Patrick Kuban described this situation as "a kind of monster." He said, “If we don’t have protections, every job will disappear: after cinema will come journalism, music, and all the cultural industries. A society without culture is nothing good.”
Tim Friedlander noted that when ChatGPT and EvenLabs launched in 2022 and made AI mainstream, artificial intelligence was only a theoretical threat, not directly harmful. But as the market grew, leading to the emergence of the Israeli startup Deepdub, which provides AI-powered film dubbing services, the issues surrounding voice synthesis became "impossible to ignore."
Daniele Giuliani, the Italian voice of Jon Snow in Game of Thrones and president of the Italian voice acting association Itakly (ANAD), said that AI stealing an artist's voice is like stealing their identity. He recently campaigned for anti-AI clauses in national labor contracts. His goal is to protect voice actors from unauthorized and indiscriminate use of their voices, prohibiting tech companies from using existing voices to train machine learning models and exploit deep data mining.
In India, 72% of viewers prefer content in other languages. Sanket Mhatre, who dubbed Ryan Reynolds' Hal Jordan in Green Lantern (2011), expressed concern about the AI issue: “We’ve been signing contracts for years, most of which have broad clauses allowing our voices to be used in perpetuity anywhere in the world. Now with AI, signing such clauses is like signing away our careers.”
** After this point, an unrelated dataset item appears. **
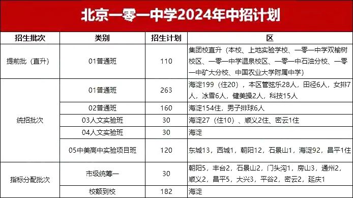 ②2024年一零一中学升学途径有校内/集团内直升、校额到校、统一招生、市级统筹一,除了上述升学途径外,还可通过统招中国际班、国际校、特长生招生等途径考入一零一中学。需要注意的是,国际班、国际校需要将志愿填报在统招批次。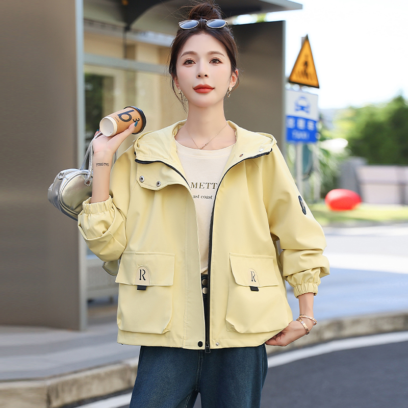 FA44942# 连帽冲锋衣外套女短款春秋秋季新款女士休闲上衣夹克 服裝批發女裝批發服飾貨源

Sanket Mhatre dubs around 100 Hollywood films into Hindi each year. He also contributes to Chinese, Spanish, and French films in various genres, including web series, animation, anime, documentaries, and audiobooks. “Every day, I retell stories from across the globe to my countrymen in their language, in my voice,” he added.
Despite concerns about AI development, Mhatre believes his job is still secure. He argues AI can't yet handle subtle cultural and emotional nuances. “If the actor's face isn't on screen, just their back, we can add a line or an expression in our voice to clarify the scene,” he explained. He gave the example of replacing an original title with a Bollywood work in a science fiction film's time travel sequence to make it more accessible to domestic audiences.
However, Mhatre acknowledges using AI is much faster and cheaper than hiring a team of voice actors, translators, and sound engineers. “We need to stand up against the robots. We need AI in peace missions like combating climate change, but we need real actors on screen.”